Inspired by Travel

Christmas in Canada

In the vast majority of Canada, Christmas holidays are embraced by the white of snow and the hard winter cold. Few regions by the seaside are lucky enough to enjoy milder temperatures, although rain will be present for most of the time. The beautiful, snowy landscape is coloured with Christmas lights outside the houses, and a wreath on many entrance doors. Inside you will find more illumination and often a Christmas tree. Furthermore many people like to setup a small Christmas village with artificial snow and an electric train.

In the last few years Canada’s population has changed quite a bit, with people from many different countries and cultures having landed here. Still, the majority of the population celebrates Christmas – some as a secular holiday and others as a religious holiday. That also led to the more respectful trend of saying “Happy Holidays” recently.

Since the commercial takeover on this holiday, the shopping season normally starts right after Halloween. Still, proper Christmas is not celebrated until the 24th or 25th, dates in which the big family gets reunited for a great dinner. Tourtière, a sort of meat pie, is a typical French Canadian dish for this date; English Canadians on the other hand like to enjoy drinking Eggnog. However, these are not strong traditions, and many other dishes are cooked for the occasion. After dinner, usually it’s time to exchange gifts and have a nice time with you loved ones – by the fireplace, if possible, in which Christmas Stockings would have been hung.

The 26th is equally important, as it is Boxing Day with massive discounts going on, and it sets the beginning of the end of Christmas.

Music is not a big deal here in Christmas.
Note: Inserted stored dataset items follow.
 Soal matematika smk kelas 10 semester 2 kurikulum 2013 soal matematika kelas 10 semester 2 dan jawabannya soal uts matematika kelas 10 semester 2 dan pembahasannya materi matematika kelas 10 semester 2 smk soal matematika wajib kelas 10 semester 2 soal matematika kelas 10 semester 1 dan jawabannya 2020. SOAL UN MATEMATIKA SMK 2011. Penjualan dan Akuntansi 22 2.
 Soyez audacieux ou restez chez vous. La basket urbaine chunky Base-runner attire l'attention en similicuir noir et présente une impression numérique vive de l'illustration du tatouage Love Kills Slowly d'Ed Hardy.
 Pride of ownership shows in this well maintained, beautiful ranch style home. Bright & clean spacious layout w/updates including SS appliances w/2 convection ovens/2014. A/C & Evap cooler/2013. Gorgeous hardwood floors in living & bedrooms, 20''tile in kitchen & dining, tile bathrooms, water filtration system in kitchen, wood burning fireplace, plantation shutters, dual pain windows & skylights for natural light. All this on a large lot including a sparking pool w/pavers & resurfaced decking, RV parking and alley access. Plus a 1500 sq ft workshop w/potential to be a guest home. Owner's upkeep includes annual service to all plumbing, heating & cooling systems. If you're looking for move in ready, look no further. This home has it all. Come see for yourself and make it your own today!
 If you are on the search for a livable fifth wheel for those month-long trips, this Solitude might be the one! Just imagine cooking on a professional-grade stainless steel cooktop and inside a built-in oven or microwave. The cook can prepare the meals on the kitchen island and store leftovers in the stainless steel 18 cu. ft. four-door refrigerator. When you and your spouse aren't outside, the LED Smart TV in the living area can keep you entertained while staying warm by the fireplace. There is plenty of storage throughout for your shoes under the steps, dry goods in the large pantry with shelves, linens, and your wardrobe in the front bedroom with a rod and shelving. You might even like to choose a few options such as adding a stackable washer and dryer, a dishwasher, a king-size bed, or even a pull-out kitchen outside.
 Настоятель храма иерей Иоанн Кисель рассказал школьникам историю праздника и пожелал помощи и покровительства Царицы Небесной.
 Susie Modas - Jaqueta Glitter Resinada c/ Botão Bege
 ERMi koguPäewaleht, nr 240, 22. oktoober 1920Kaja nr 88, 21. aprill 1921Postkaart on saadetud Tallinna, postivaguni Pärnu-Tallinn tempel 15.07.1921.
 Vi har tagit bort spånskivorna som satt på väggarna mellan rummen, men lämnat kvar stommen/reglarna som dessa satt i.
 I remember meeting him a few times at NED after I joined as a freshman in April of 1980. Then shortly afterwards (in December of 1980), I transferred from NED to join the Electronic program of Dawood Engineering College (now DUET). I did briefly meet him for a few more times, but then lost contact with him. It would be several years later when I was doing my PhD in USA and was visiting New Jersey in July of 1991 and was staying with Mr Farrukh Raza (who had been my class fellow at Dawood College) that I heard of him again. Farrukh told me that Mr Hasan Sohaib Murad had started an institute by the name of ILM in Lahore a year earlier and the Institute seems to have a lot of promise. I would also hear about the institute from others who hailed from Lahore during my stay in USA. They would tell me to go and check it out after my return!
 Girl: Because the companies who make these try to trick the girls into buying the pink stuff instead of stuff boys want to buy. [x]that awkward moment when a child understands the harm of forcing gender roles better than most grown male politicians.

The repertoire is limited to the few songs that shopping centres use to create atmosphere, and that are constantly bombarded in different versions and covers. On the movie side of things, however, The Sound of Music is, despite its cheesiness, much loved around Christmas, along with several other typical Christmas films such as Home Alone, “Rudolf” or The Grinch. In addition, in French Canada ‘Asterix & Obelix’ series are usually aired, bringing along memories of nostalgia.